=== INPUT MATERIAL ===
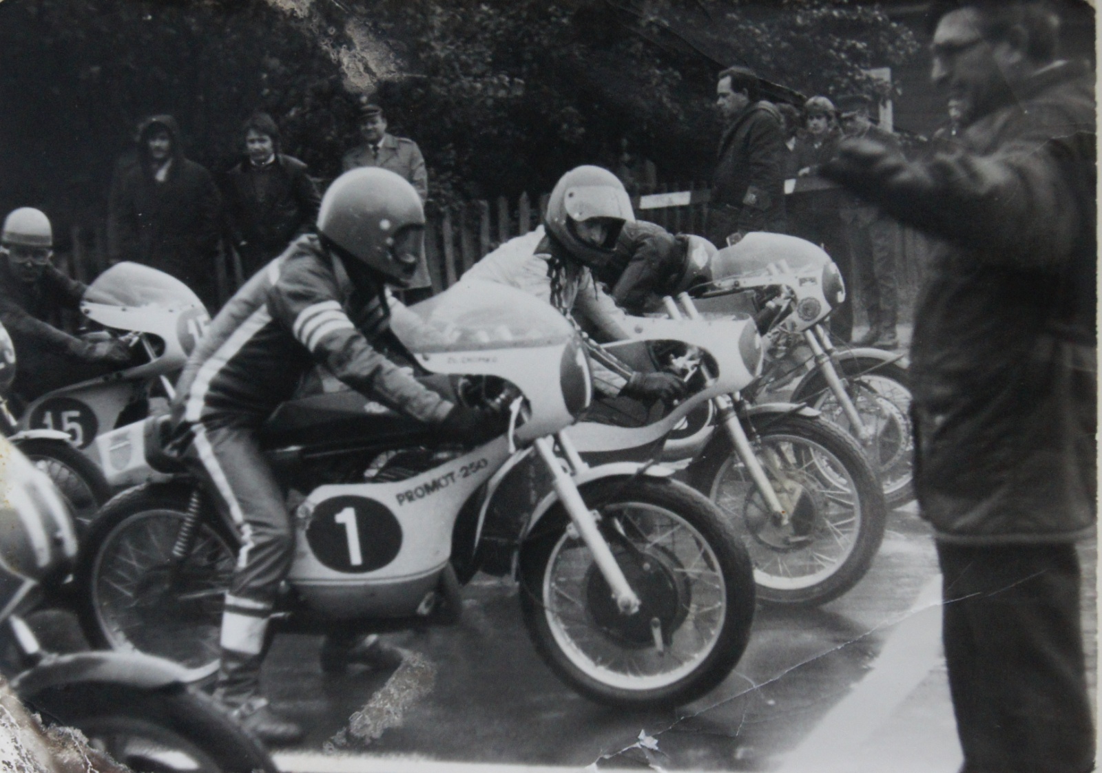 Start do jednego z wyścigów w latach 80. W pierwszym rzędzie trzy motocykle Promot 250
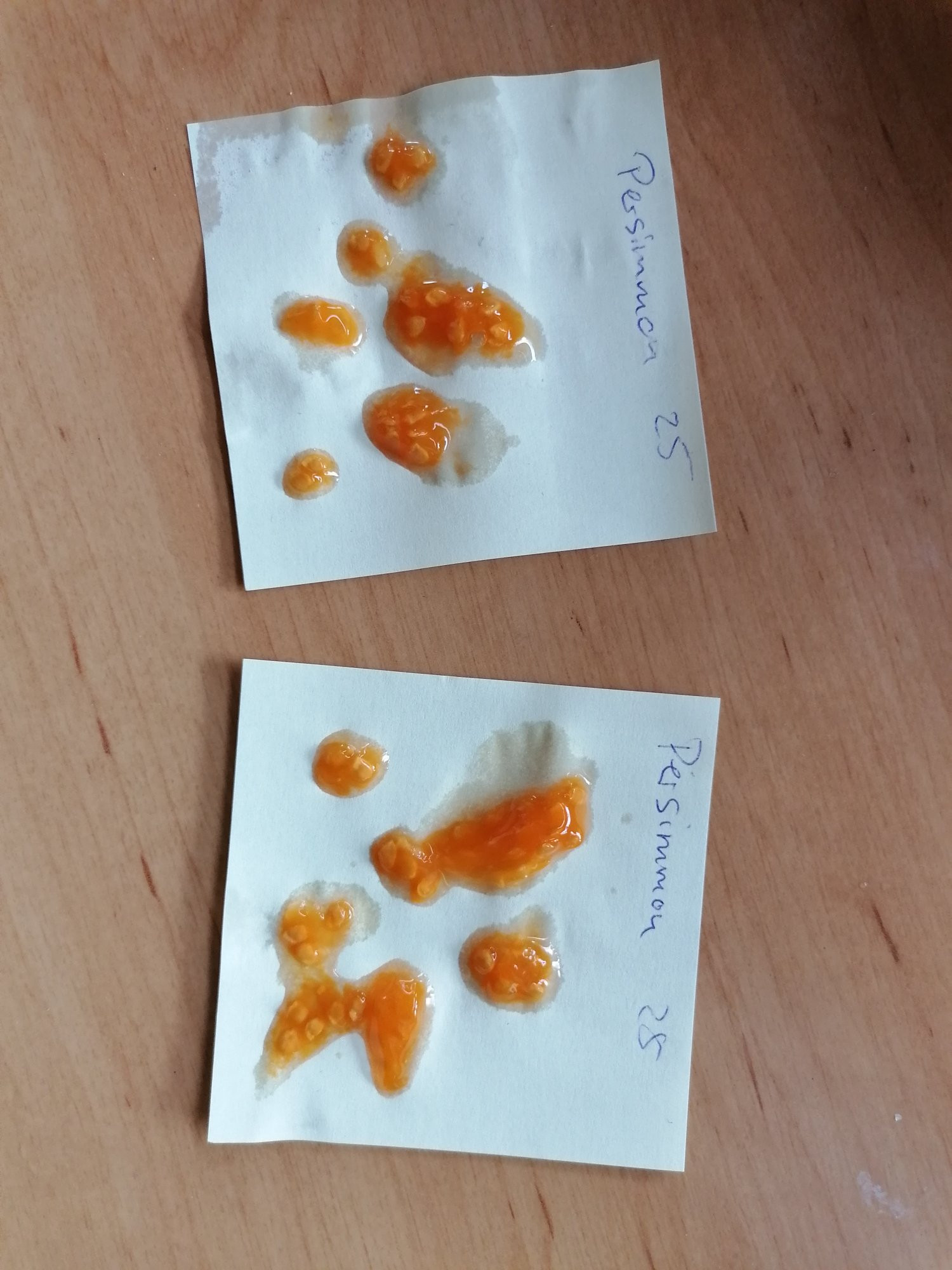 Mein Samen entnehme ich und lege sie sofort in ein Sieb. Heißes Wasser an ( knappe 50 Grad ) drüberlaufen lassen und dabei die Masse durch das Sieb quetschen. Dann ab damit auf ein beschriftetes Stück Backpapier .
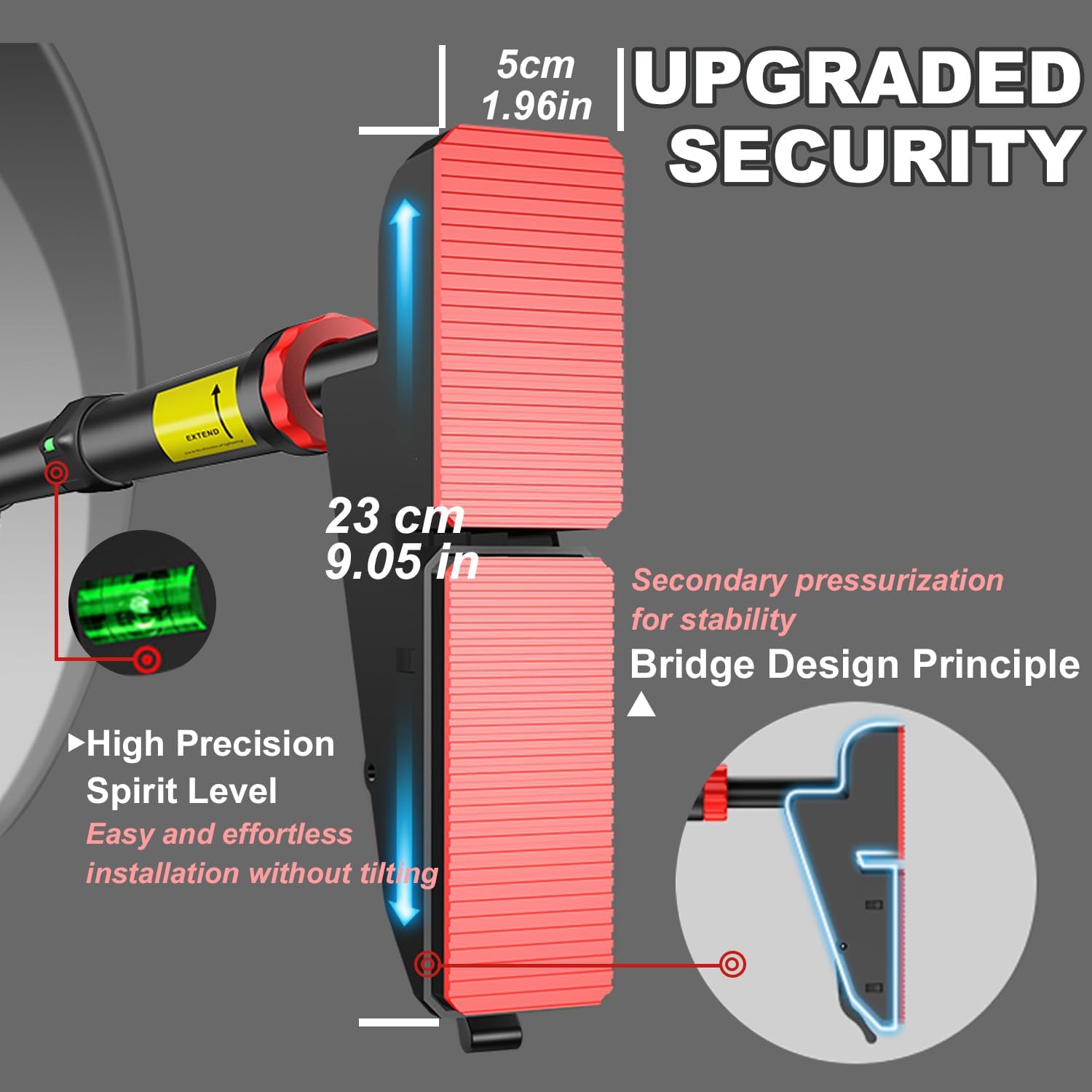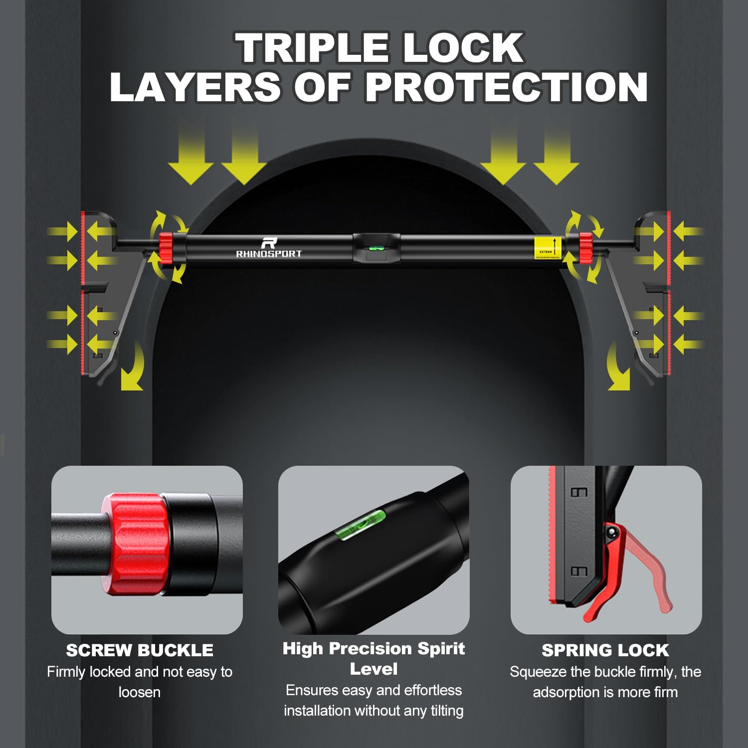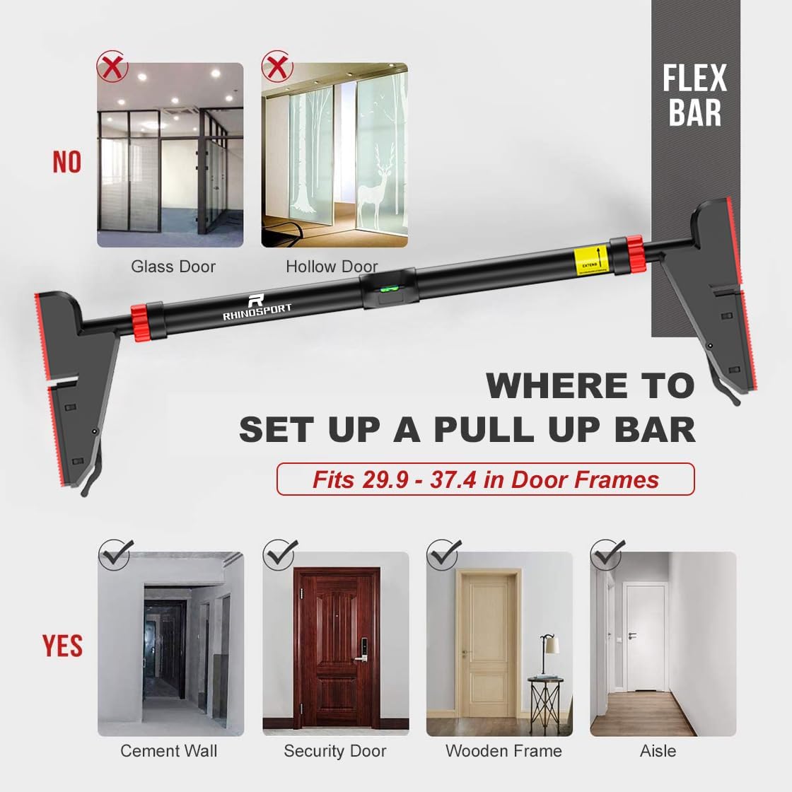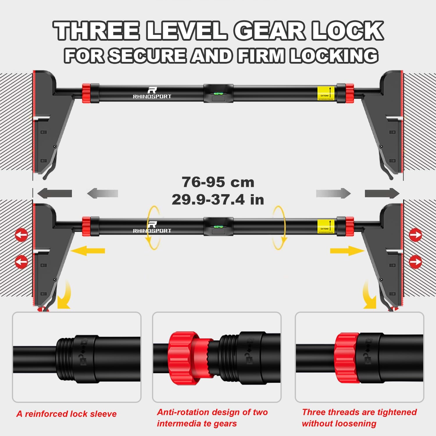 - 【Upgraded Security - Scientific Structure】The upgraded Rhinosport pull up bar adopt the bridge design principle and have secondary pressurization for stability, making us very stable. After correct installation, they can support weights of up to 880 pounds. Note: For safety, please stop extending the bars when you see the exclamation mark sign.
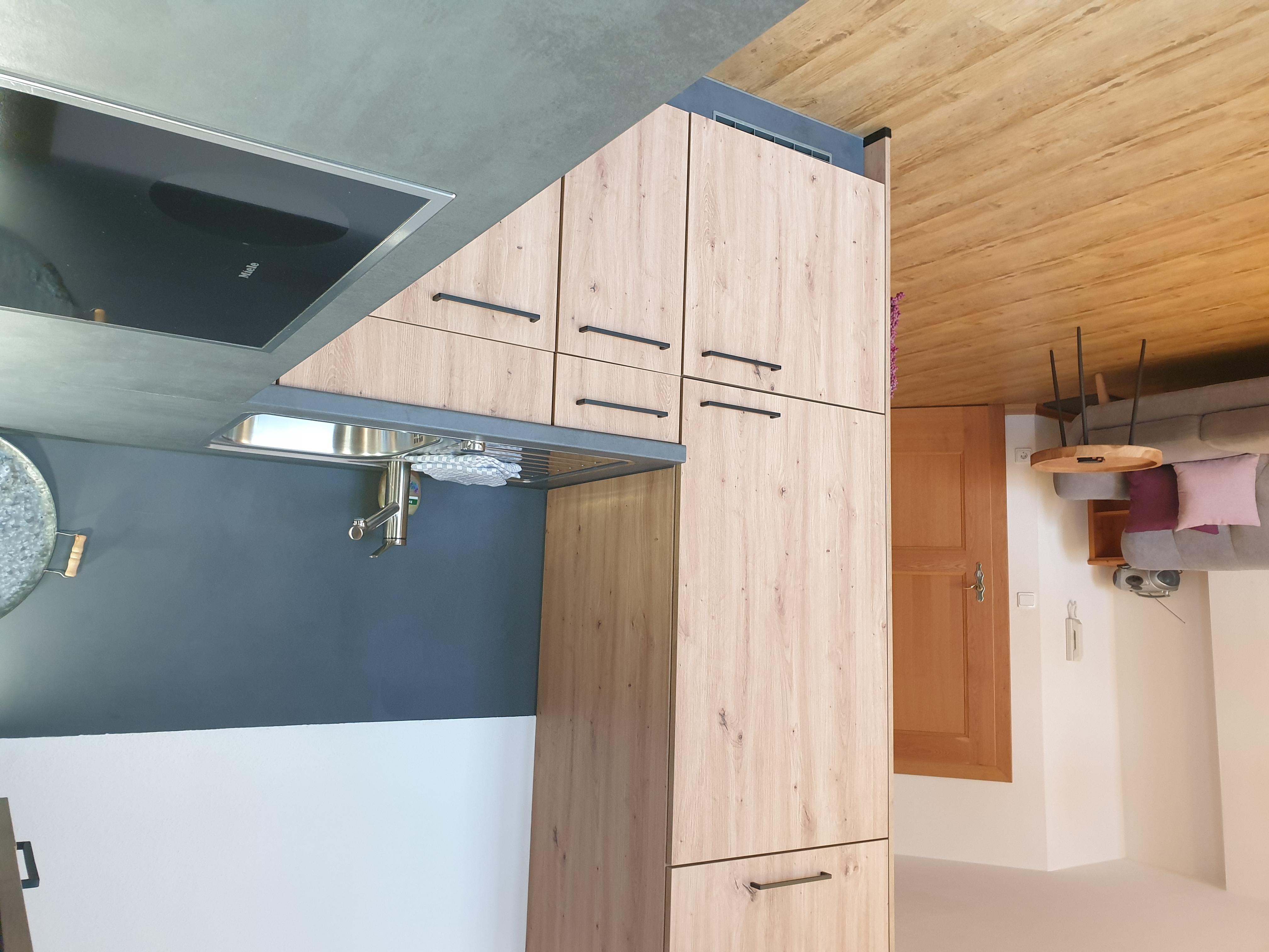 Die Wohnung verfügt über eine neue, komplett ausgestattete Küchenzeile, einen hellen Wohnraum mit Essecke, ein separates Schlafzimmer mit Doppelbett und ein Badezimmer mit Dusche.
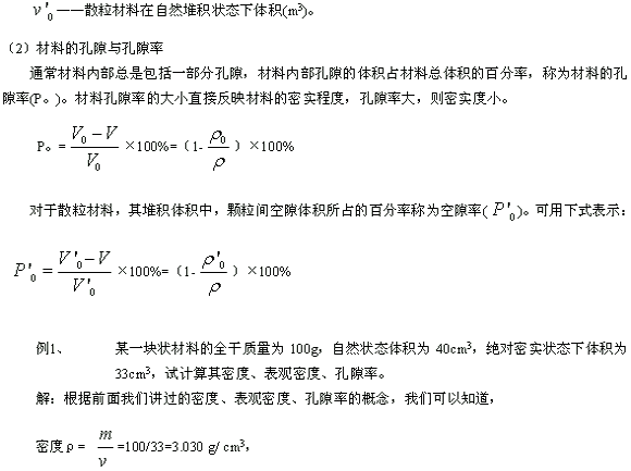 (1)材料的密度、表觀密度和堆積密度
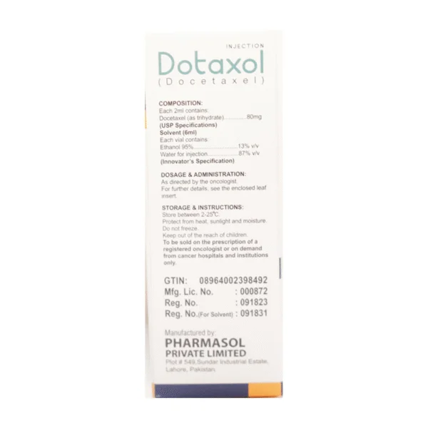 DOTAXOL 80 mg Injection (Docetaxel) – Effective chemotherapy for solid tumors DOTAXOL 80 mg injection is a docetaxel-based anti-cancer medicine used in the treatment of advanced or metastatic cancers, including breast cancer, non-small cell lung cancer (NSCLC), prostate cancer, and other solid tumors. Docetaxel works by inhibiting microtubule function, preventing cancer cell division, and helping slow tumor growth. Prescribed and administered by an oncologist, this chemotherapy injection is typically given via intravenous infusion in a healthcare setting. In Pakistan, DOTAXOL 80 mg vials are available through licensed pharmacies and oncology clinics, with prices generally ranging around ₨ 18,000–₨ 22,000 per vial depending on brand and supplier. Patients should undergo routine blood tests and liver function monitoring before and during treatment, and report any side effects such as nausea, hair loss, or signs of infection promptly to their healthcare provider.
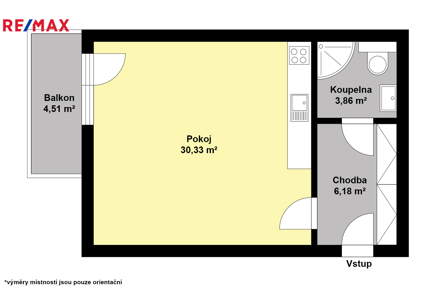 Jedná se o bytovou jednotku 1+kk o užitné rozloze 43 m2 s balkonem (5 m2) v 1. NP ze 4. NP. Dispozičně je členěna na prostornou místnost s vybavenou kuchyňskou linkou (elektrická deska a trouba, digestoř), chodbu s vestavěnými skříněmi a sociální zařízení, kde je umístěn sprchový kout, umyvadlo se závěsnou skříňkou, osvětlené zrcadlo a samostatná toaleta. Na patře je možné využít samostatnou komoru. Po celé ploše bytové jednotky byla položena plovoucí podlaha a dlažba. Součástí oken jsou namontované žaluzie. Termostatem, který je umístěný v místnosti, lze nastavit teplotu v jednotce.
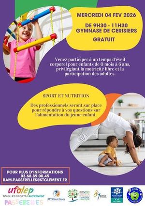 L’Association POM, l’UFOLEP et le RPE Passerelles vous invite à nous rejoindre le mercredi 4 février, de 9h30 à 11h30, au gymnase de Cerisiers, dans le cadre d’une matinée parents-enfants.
===
REQUIREMENT
Using the entries above, extract exactly the lines from the one that contains "(1)材料的密度、表觀密度和堆積密度" through the one that contains "DOTAXOL 80 mg Injection (Docetaxel)". Do not carry over any pictures.

TASK OUTPUT
 (1)材料的密度、表觀密度和堆積密度
 DOTAXOL 80 mg Injection (Docetaxel) – Effective chemotherapy for solid tumors DOTAXOL 80 mg injection is a docetaxel-based anti-cancer medicine used in the treatment of advanced or metastatic cancers, including breast cancer, non-small cell lung cancer (NSCLC), prostate cancer, and other solid tumors. Docetaxel works by inhibiting microtubule function, preventing cancer cell division, and helping slow tumor growth. Prescribed and administered by an oncologist, this chemotherapy injection is typically given via intravenous infusion in a healthcare setting. In Pakistan, DOTAXOL 80 mg vials are available through licensed pharmacies and oncology clinics, with prices generally ranging around ₨ 18,000–₨ 22,000 per vial depending on brand and supplier. Patients should undergo routine blood tests and liver function monitoring before and during treatment, and report any side effects such as nausea, hair loss, or signs of infection promptly to their healthcare provider.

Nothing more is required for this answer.